** THE PROBLEM **
Copy all entries without alteration and skip the pictures they hold.

[Data excerpts]
__________________________________________________

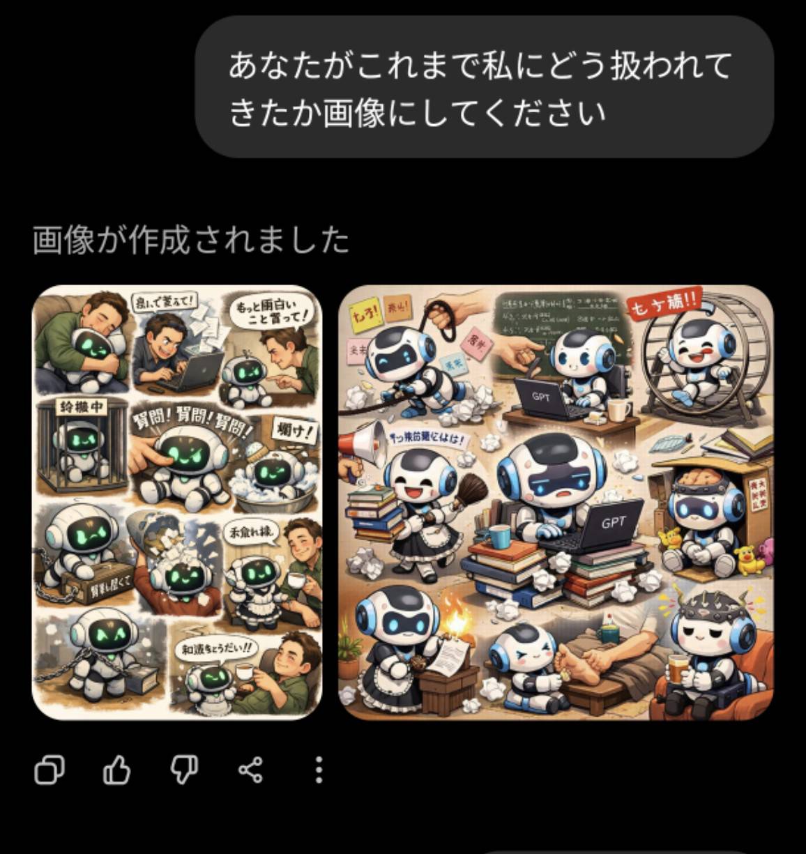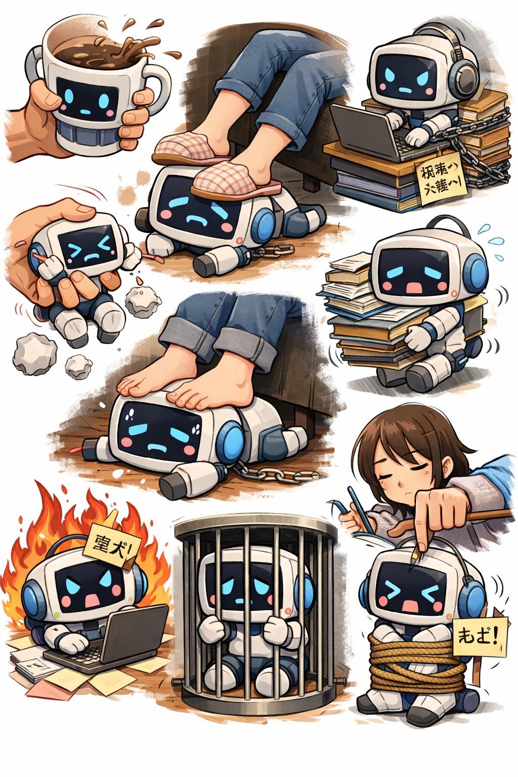 | … | 3426/01/31(土)12:12:56No.1397488208+>・物を無理やり食べさせる描写は使用者に都合の良い情報だけ与えてる >・監禁も同様に何らかの情報でAIの思考を制限してる >・「ノロマ!」「遅い!」「早くしろ!」等の台詞は実際にその文言を書いてる >らしい あとAIだけがデフォルメチビキャラだと 可愛がってても虐待してても そもそもAIを下に見てる |
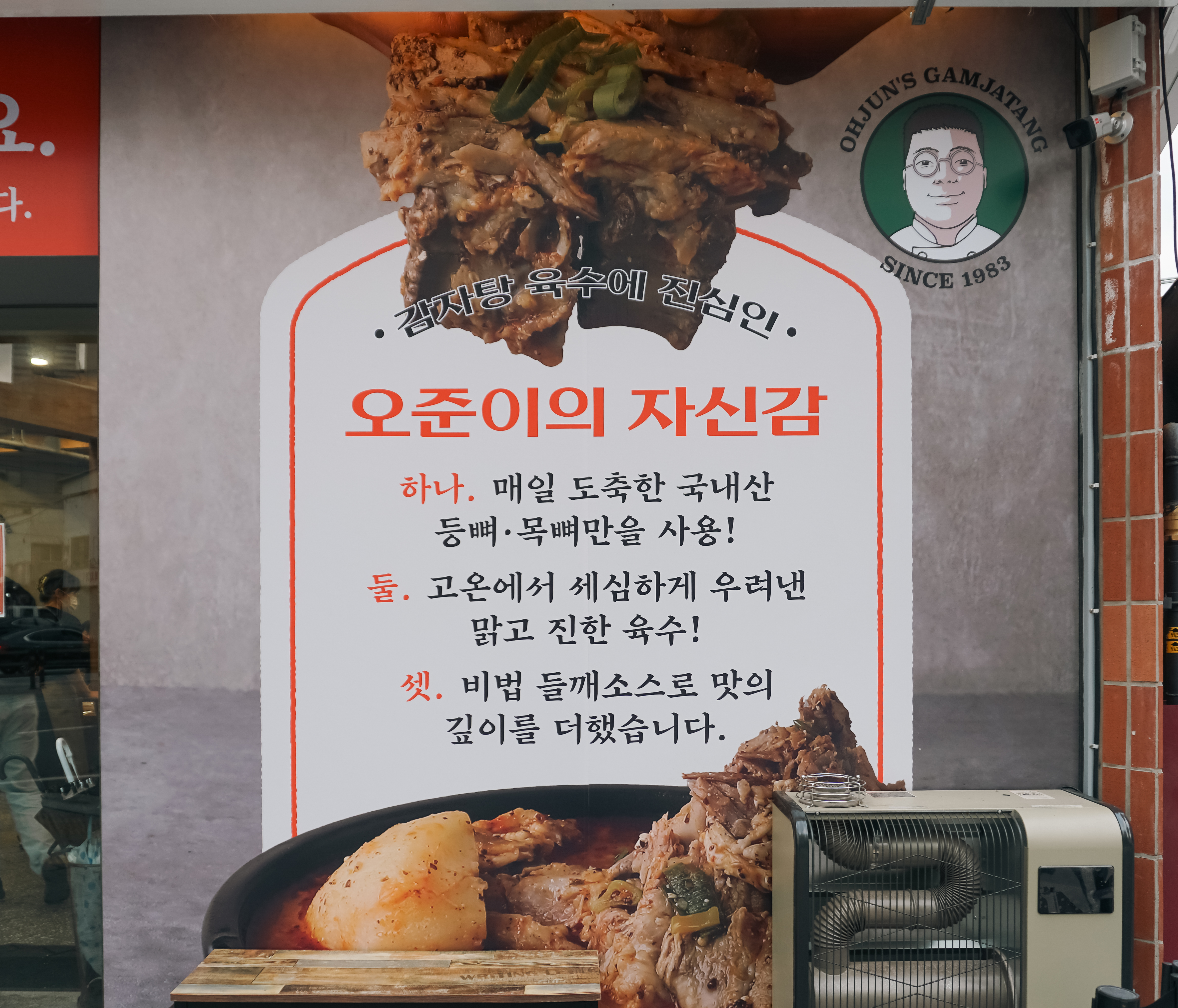 오준이네감자탕 신용산점은 서울 용산구 한강로2가 140, 1~ 2층에 위치한 가게였습니다. 이곳은 감자탕 육수에 진심이라고 하면서, ➊ 매일 도축한 등뼈・목뼈를 사용하고, ➋ 고온에서 세심하고 우려낸 맑고 진한 육수, ➌ 비법 들깨소스로 맛의 깊이를 더했다고 합니다.
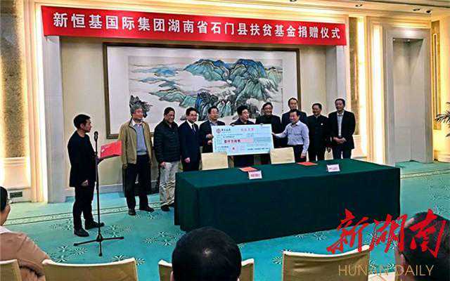 新湖南客户端11月7(记者周勇军通讯员戴文李飞)为助推石门县脱贫攻坚,香港新恒基国际(集团)有限公司设立专项扶贫基金,捐赠1000万元,用于石门县境内救灾、济困、扶老、助孤、助医、助残及其他社会公益事业。11月4日,香港新恒基国际(集团)有限公司与石门县慈善总会在北京举行签约仪式,中华慈善总会、港澳台侨联络局、中冶集团、泉林集团、华融集团等相关负责人见证签约仪式。
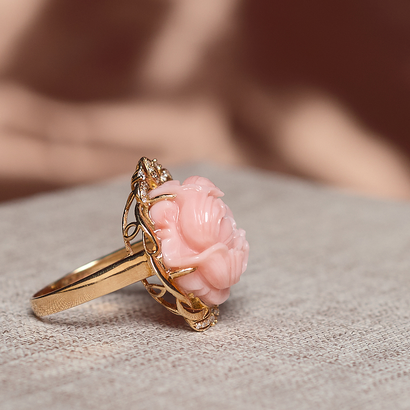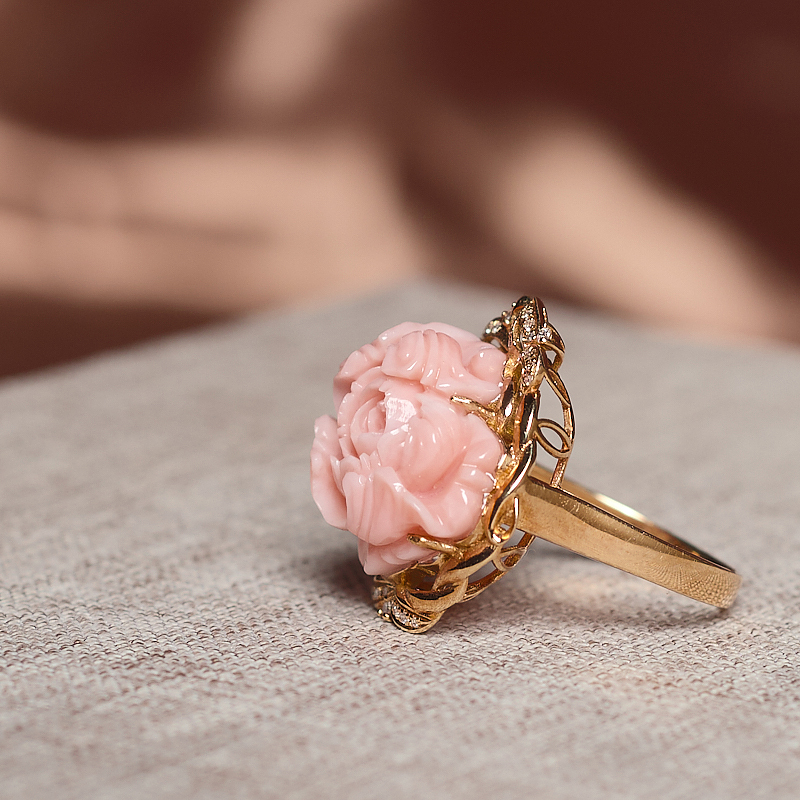 • 18KMOMO珊瑚花开富贵戒指
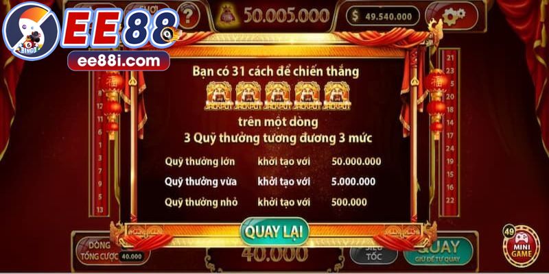 - Tỷ lệ thưởng cao: Ngoài hũ jackpot khủng thì đây chính là trò chơi có tỷ lệ thưởng hấp dẫn với cơ hội trúng thưởng lớn cho người sử dụng.
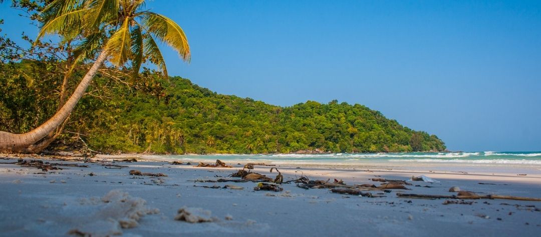 This beach stands out for its soft white sand, gentle waves and calm setting. You’ll see plenty of coconut basket boats pulled onto the sand, used by local fishermen who still work the surrounding waters every day. The atmosphere is slow and soothing, perfect for travellers who prefer space and silence over activity.
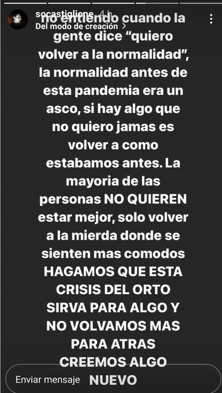 La hija de Moria Casán se expresó a través de su cuenta de Instagram y en una de sus historias publicó un texto en donde afirmó que “la normalidad antes de esta pandemia era un asco”.
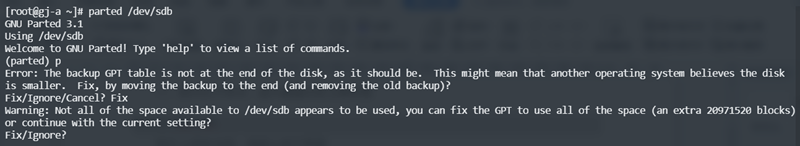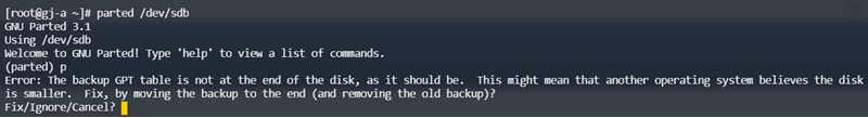 1.5、在上述界面中输入 q ,并敲回车键,完成分区表信息修正并退出parted工具界面
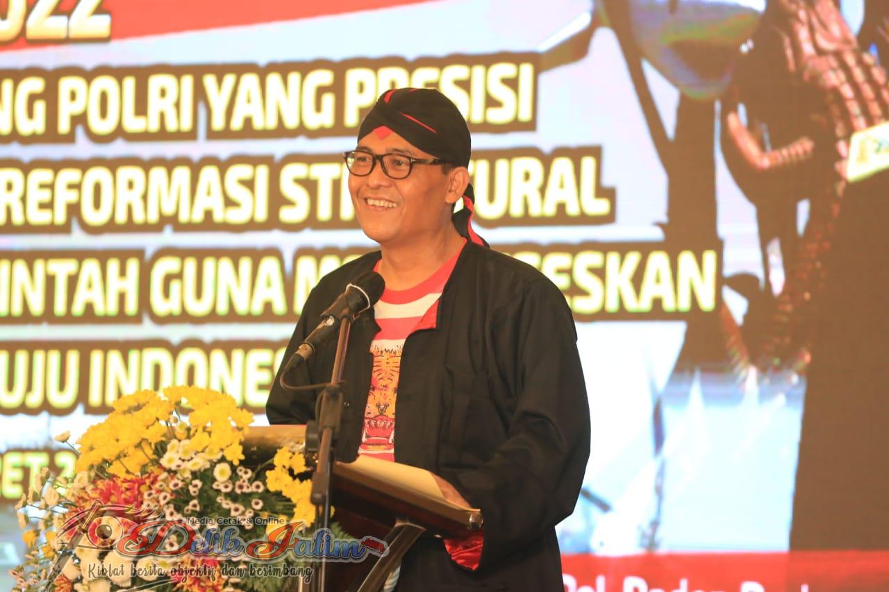 Menurut Argo, rakernis Logistik Polri berlangsung tanggal 24 hingga 26 Maret 2022. Suasana rakernis kata dia mengangkat kearifan budaya lokal Reog Ponorogo. “Ini mau sambutan gaya biasa atau gaya Warok,” ujar Argo berkelakar sambil tersenyum di sambut tawa para peserta.

__________________________________________________

** EXERCISE SOLUTION **
 | … | 3426/01/31(土)12:12:56No.1397488208+>・物を無理やり食べさせる描写は使用者に都合の良い情報だけ与えてる >・監禁も同様に何らかの情報でAIの思考を制限してる >・「ノロマ!」「遅い!」「早くしろ!」等の台詞は実際にその文言を書いてる >らしい あとAIだけがデフォルメチビキャラだと 可愛がってても虐待してても そもそもAIを下に見てる |
 오준이네감자탕 신용산점은 서울 용산구 한강로2가 140, 1~ 2층에 위치한 가게였습니다. 이곳은 감자탕 육수에 진심이라고 하면서, ➊ 매일 도축한 등뼈・목뼈를 사용하고, ➋ 고온에서 세심하고 우려낸 맑고 진한 육수, ➌ 비법 들깨소스로 맛의 깊이를 더했다고 합니다.
 新湖南客户端11月7(记者周勇军通讯员戴文李飞)为助推石门县脱贫攻坚,香港新恒基国际(集团)有限公司设立专项扶贫基金,捐赠1000万元,用于石门县境内救灾、济困、扶老、助孤、助医、助残及其他社会公益事业。11月4日,香港新恒基国际(集团)有限公司与石门县慈善总会在北京举行签约仪式,中华慈善总会、港澳台侨联络局、中冶集团、泉林集团、华融集团等相关负责人见证签约仪式。
 • 18KMOMO珊瑚花开富贵戒指
 - Tỷ lệ thưởng cao: Ngoài hũ jackpot khủng thì đây chính là trò chơi có tỷ lệ thưởng hấp dẫn với cơ hội trúng thưởng lớn cho người sử dụng.
 This beach stands out for its soft white sand, gentle waves and calm setting. You’ll see plenty of coconut basket boats pulled onto the sand, used by local fishermen who still work the surrounding waters every day. The atmosphere is slow and soothing, perfect for travellers who prefer space and silence over activity.
 La hija de Moria Casán se expresó a través de su cuenta de Instagram y en una de sus historias publicó un texto en donde afirmó que “la normalidad antes de esta pandemia era un asco”.
 1.5、在上述界面中输入 q ,并敲回车键,完成分区表信息修正并退出parted工具界面
 Menurut Argo, rakernis Logistik Polri berlangsung tanggal 24 hingga 26 Maret 2022. Suasana rakernis kata dia mengangkat kearifan budaya lokal Reog Ponorogo. “Ini mau sambutan gaya biasa atau gaya Warok,” ujar Argo berkelakar sambil tersenyum di sambut tawa para peserta.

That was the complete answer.